## BRIEF
Retype exactly the span of lines below from the one with "Thoughtful young female" through the one with "Give your bathroom". Do not include pictures.

Saved data entries
------
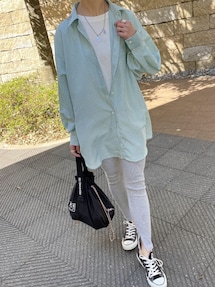 chicchimoのシャツ/ブラウス「ノーカラ―ボリューム切替ブラウス」を使ったコーディネート
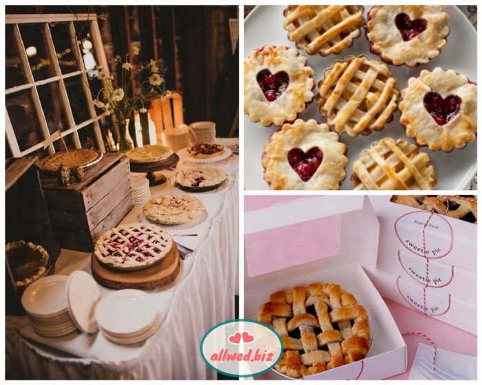 Традиционный candy-bar осенью можно дополнить пирогами с различными начинками: грибы, курица, капуста, яблоки, груши. И соленые, и сладкие пироги точно понравятся гостям любого возраста. Когда как не осенью кушать ароматные пироги?!
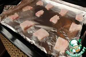 Низ противня выстилаем фольгой и произвольно укладываем на нее несколько кусочков сала. С наших шашлыков будет капать сало и сок. Сало на фольге не даст ему преждевременно задымиться.
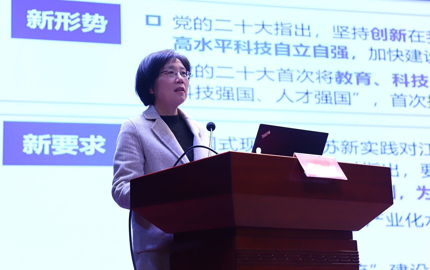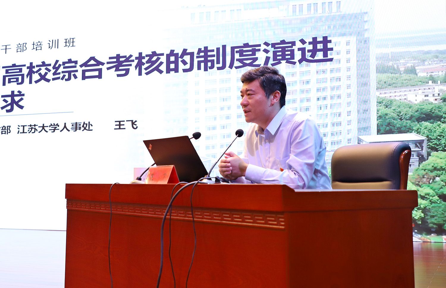 校党委教师工作部部长、人事处处长王飞作《江苏高校综合考核的制度演进与实践要求》专题报告,阐述了习近平总书记关于考核工作的重要论述和理念发展,详细介绍了省属高校综合考核的制度演进,重点介绍了今年省考政策新精神、新变化、新要求。
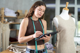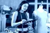Thoughtful young female dressmaker working on digital sketch of new dress in workshop surrounded by fabric, mannequins, and sewing equipment
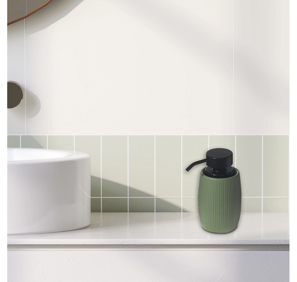 Give your bathroom countertop a posh look using this soap dispenser with plastic pump. Crafted from dolomite, it brings a hint of urbane sophistication. The warm green hue of the dispenser accompanies the durability of a reliable plastic pump for smooth dispensing. You can fill it with your favourite liquid soap, lotion, or even hand sanitizer for practicality and convenience.
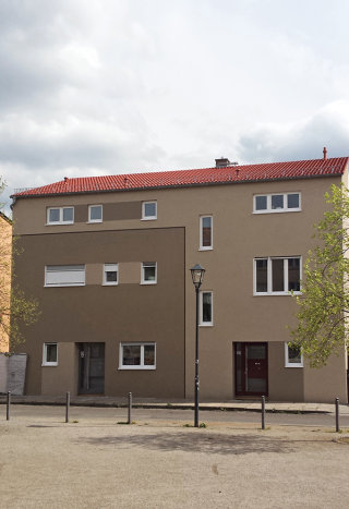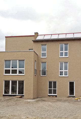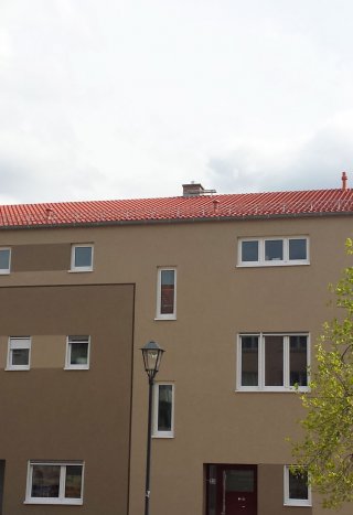 Die Dacheindeckung der Lückenbebauung in Brandenburg / Neustadt wurde mit einem Betondachstein ausgeführt. Das angrenzende Flachdach der Dachterrasse erhielt eine 2-lagige bituminöse Abdichtung auf einer darunterliegenden Gefälledämmung.
------
## EXERCISE RESULT
Thoughtful young female dressmaker working on digital sketch of new dress in workshop surrounded by fabric, mannequins, and sewing equipment
 Give your bathroom countertop a posh look using this soap dispenser with plastic pump. Crafted from dolomite, it brings a hint of urbane sophistication. The warm green hue of the dispenser accompanies the durability of a reliable plastic pump for smooth dispensing. You can fill it with your favourite liquid soap, lotion, or even hand sanitizer for practicality and convenience.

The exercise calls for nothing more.